PROBLEM: Would you please copy the part of the material below that opens with the line containing "Молодой чернокожий мужчина" and closes with the line containing "Слайд 15 Каждый"? Copy it exactly, and only it.

RECORDS SHOWN:
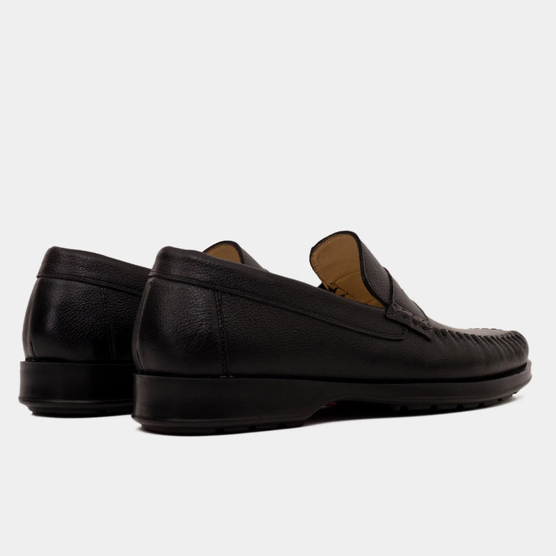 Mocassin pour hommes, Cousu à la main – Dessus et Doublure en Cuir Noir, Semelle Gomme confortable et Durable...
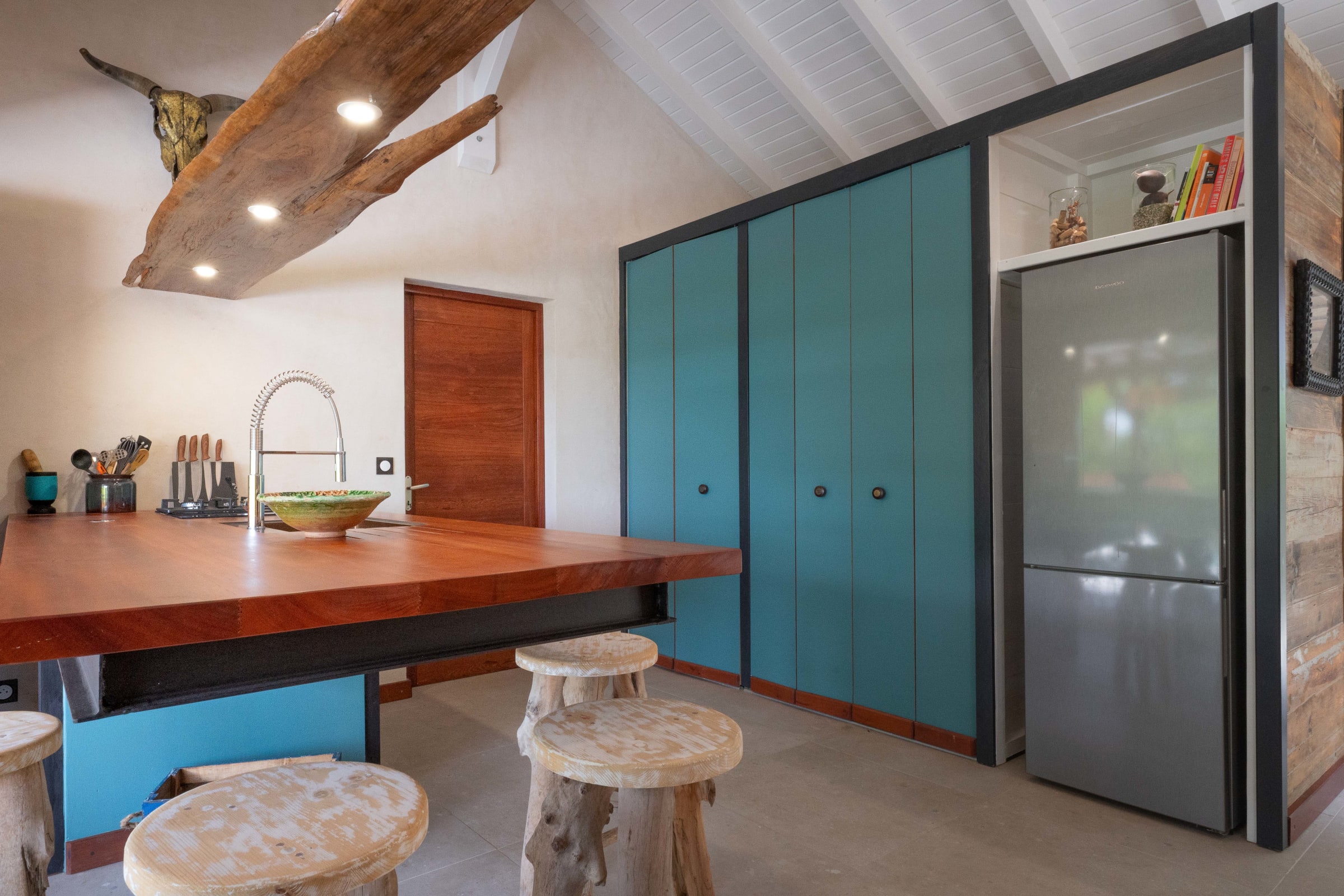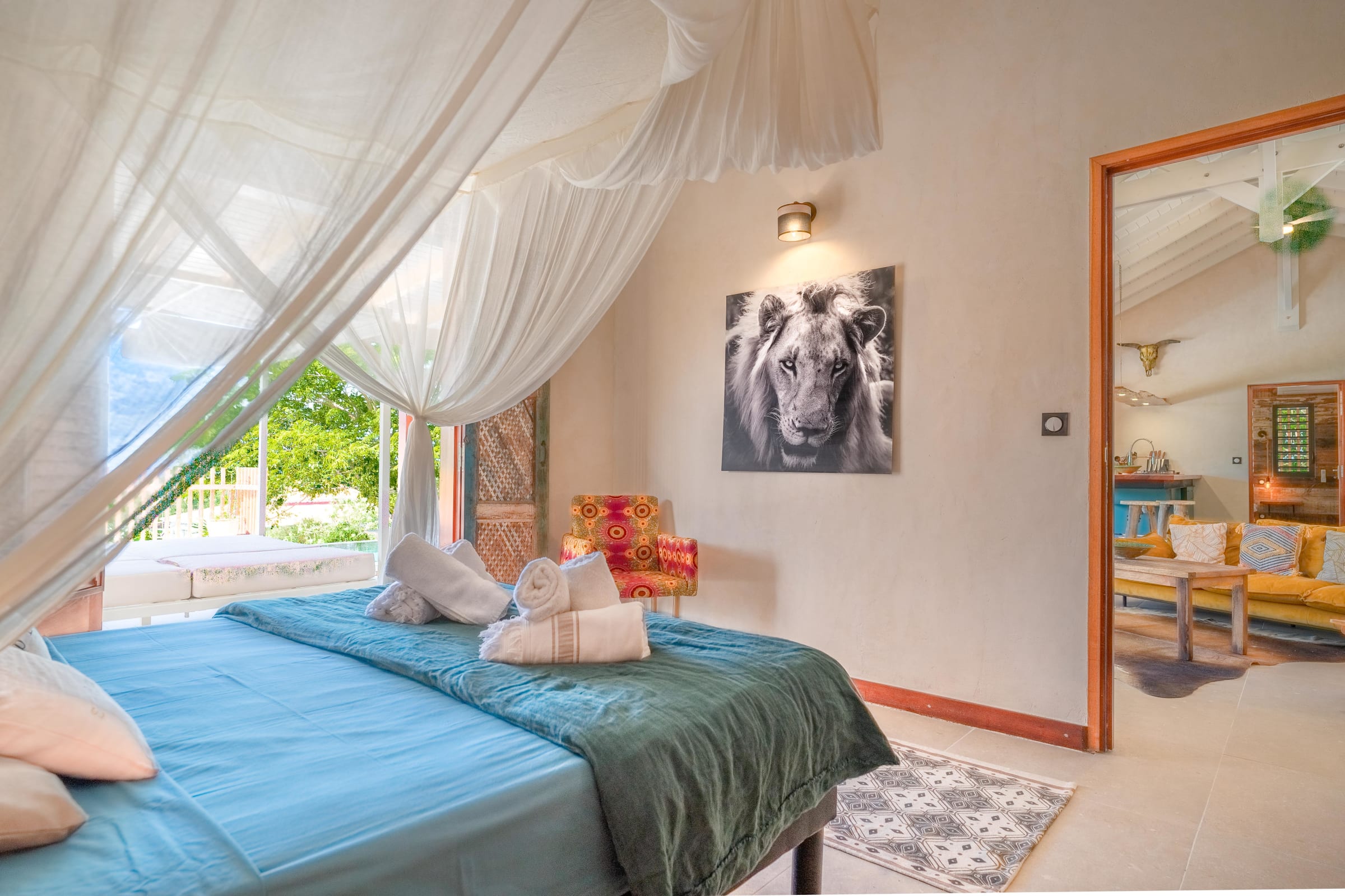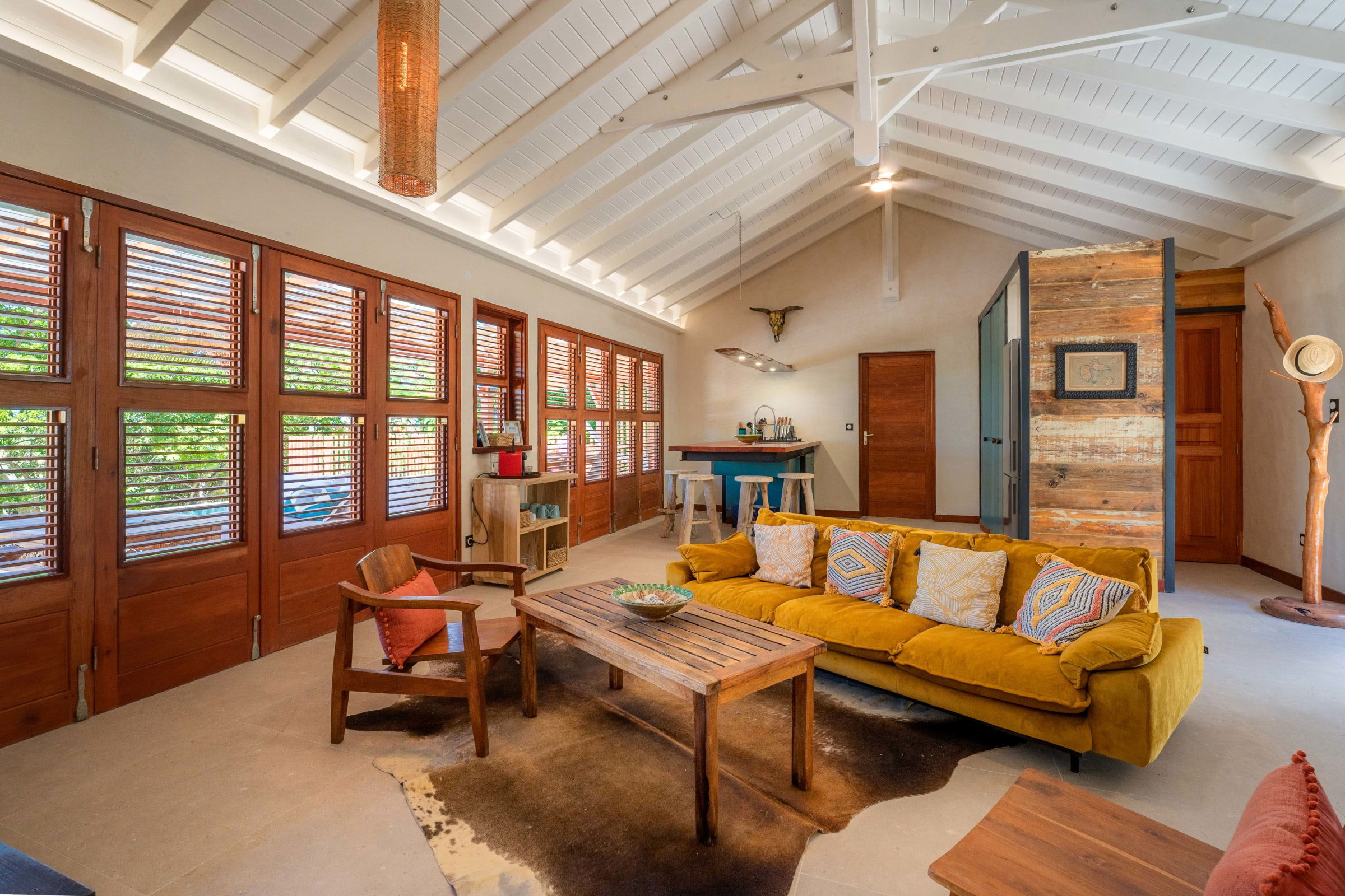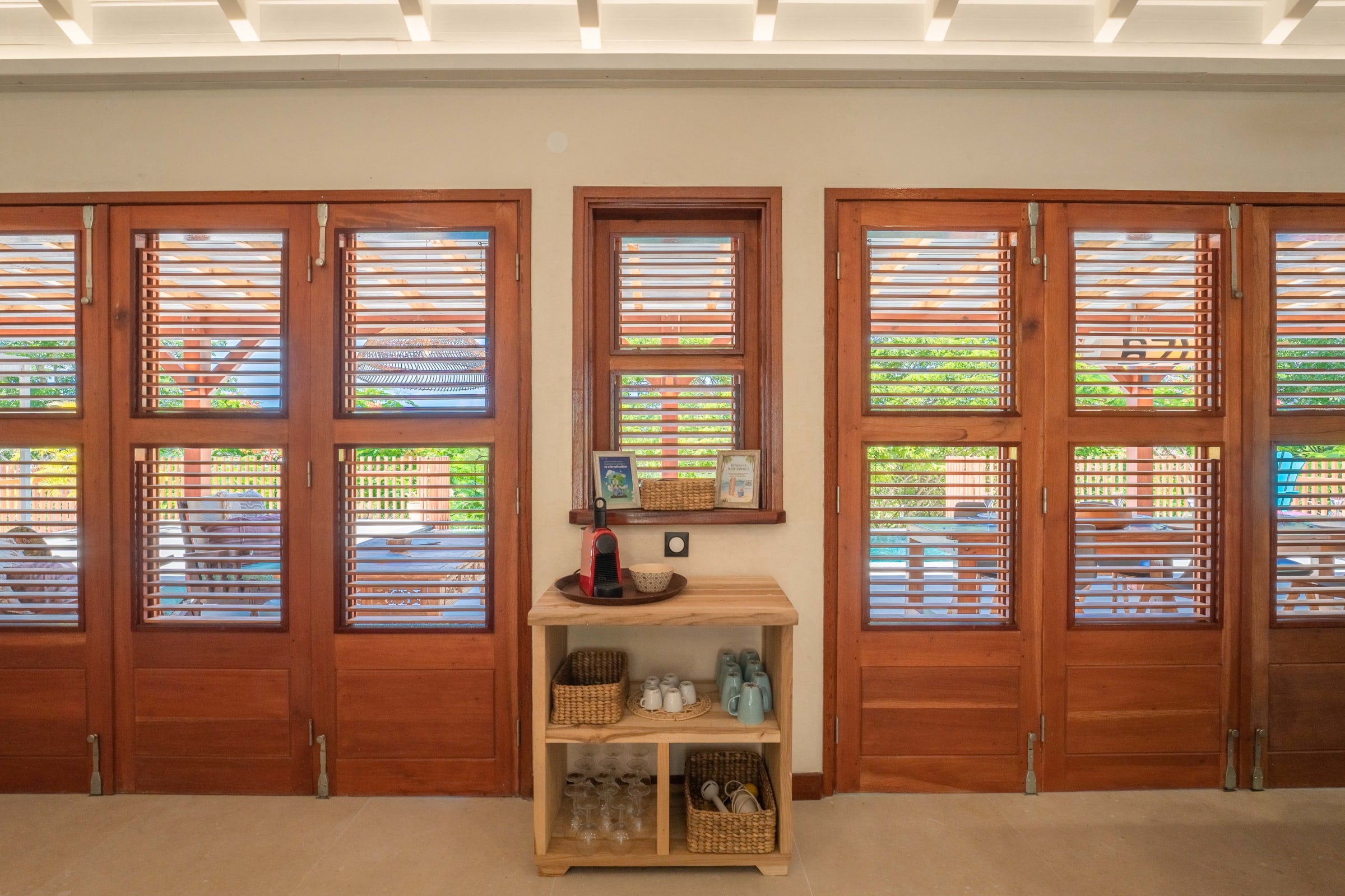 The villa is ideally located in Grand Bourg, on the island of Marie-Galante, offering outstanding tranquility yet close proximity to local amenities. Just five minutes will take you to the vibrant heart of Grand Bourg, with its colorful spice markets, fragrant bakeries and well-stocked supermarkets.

* * *

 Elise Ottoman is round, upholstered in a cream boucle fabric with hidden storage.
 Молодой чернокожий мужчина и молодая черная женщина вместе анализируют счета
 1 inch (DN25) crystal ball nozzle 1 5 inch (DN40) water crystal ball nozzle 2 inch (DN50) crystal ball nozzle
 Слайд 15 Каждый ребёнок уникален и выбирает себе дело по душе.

SOLUTION TO THIS PROBLEM:
 Молодой чернокожий мужчина и молодая черная женщина вместе анализируют счета
 1 inch (DN25) crystal ball nozzle 1 5 inch (DN40) water crystal ball nozzle 2 inch (DN50) crystal ball nozzle
 Слайд 15 Каждый ребёнок уникален и выбирает себе дело по душе.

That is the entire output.